■ **THE DATA**:

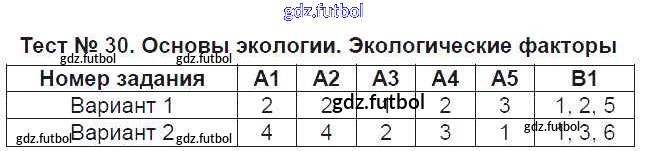 Готовые домашние задания по Биологии за 9 класс Богданов Контрольно-измерительные материалы (КИМ) 2017 ФГОС - Тесты Тест №30. Основы экологии. Экологические факторы
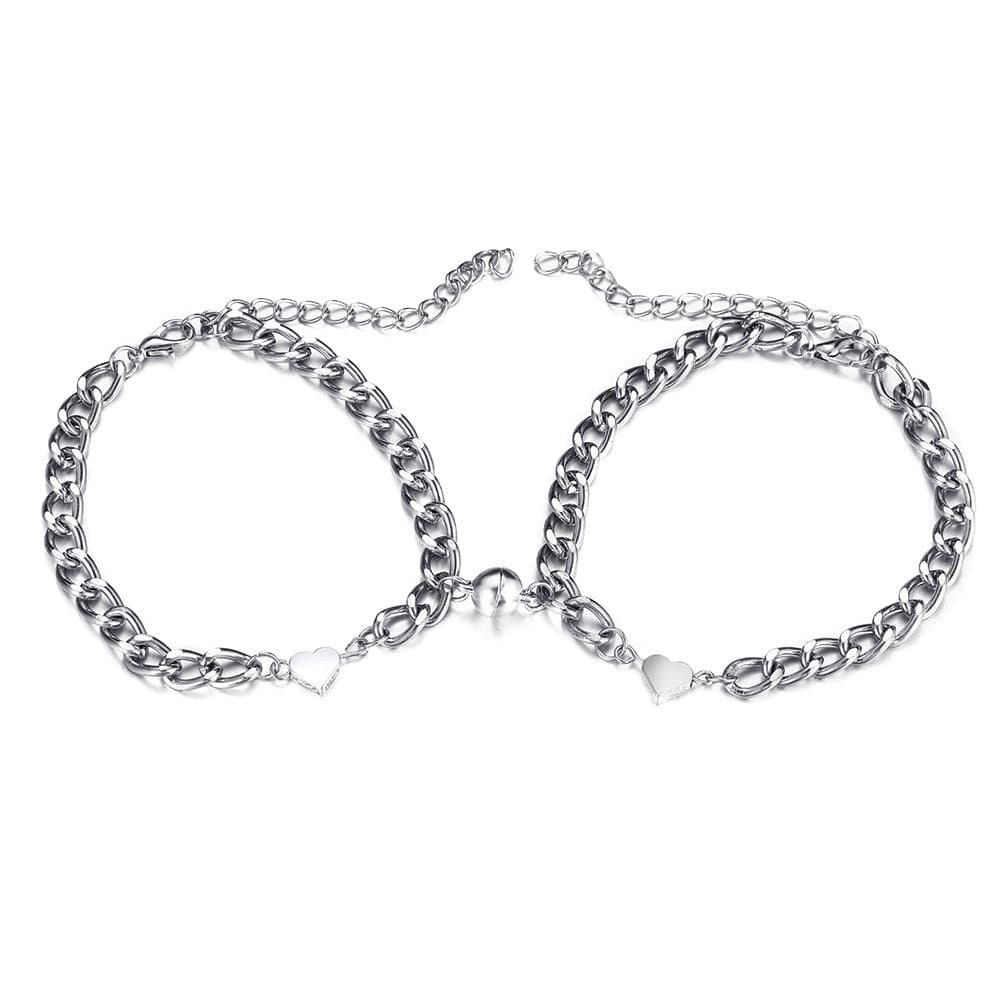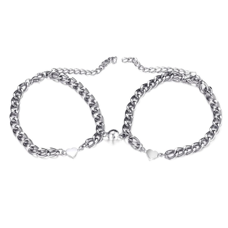 Coming with a pair of delicate heart-shaped magnetic that shows mutual attraction when getting closer. These couples bracelets are symbolizing the eternal love and friendship between lovers or friends. This matching heart bracelet for couples comes with an adjustable band that allows wearers to create the perfect fit for them. The band is sturdy, dirt-resistant and easy-match. Suitable for any occasion.
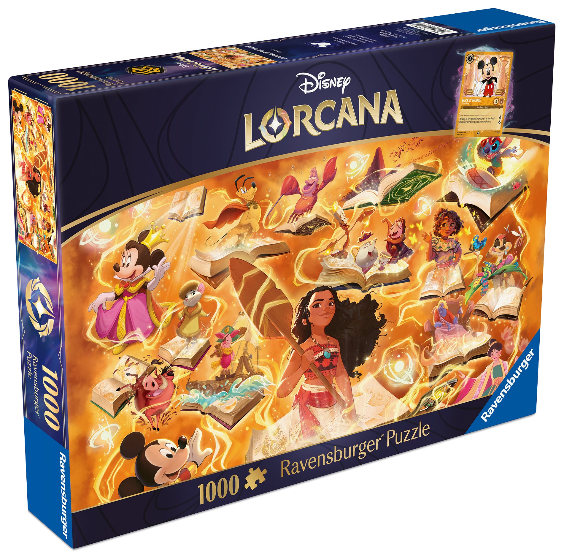 Step into the enchanting world of Disney Lorcana with this captivating 1000 piece Ravensburger puzzle, featuring stunning artwork from the Glimmers of the Realm Steel set.
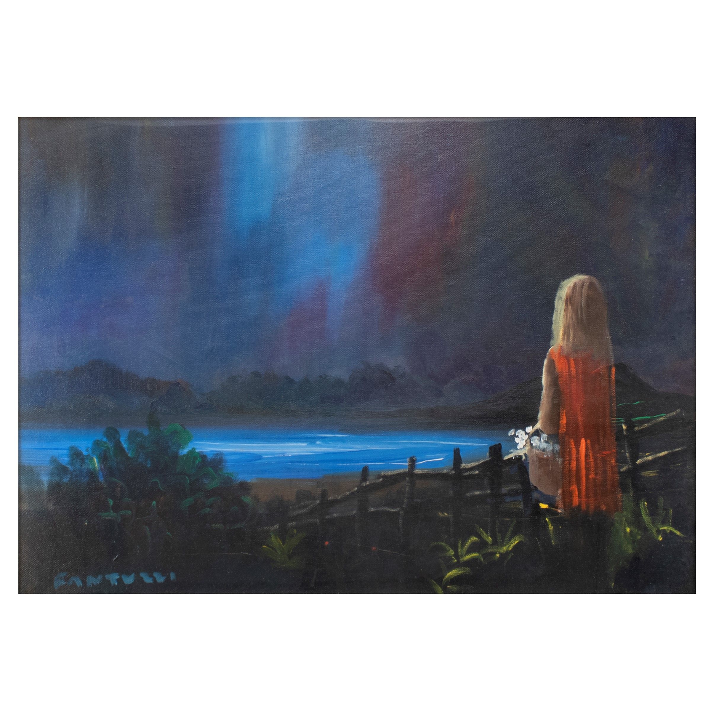 Modena 1909 - Verona 1987 'Ragazza in riva al lago', olio su tela, firmato in basso a sinistra, firmato sul retro, entro cornice

■ **AIM OF THE TASK**: Beginning with the line where "Step into the" appears, reproduce every remaining line of the listing above, the last one included, but none of the pictures.

■ **RESPONSE TO THE TASK**:
 Step into the enchanting world of Disney Lorcana with this captivating 1000 piece Ravensburger puzzle, featuring stunning artwork from the Glimmers of the Realm Steel set.
 Modena 1909 - Verona 1987 'Ragazza in riva al lago', olio su tela, firmato in basso a sinistra, firmato sul retro, entro cornice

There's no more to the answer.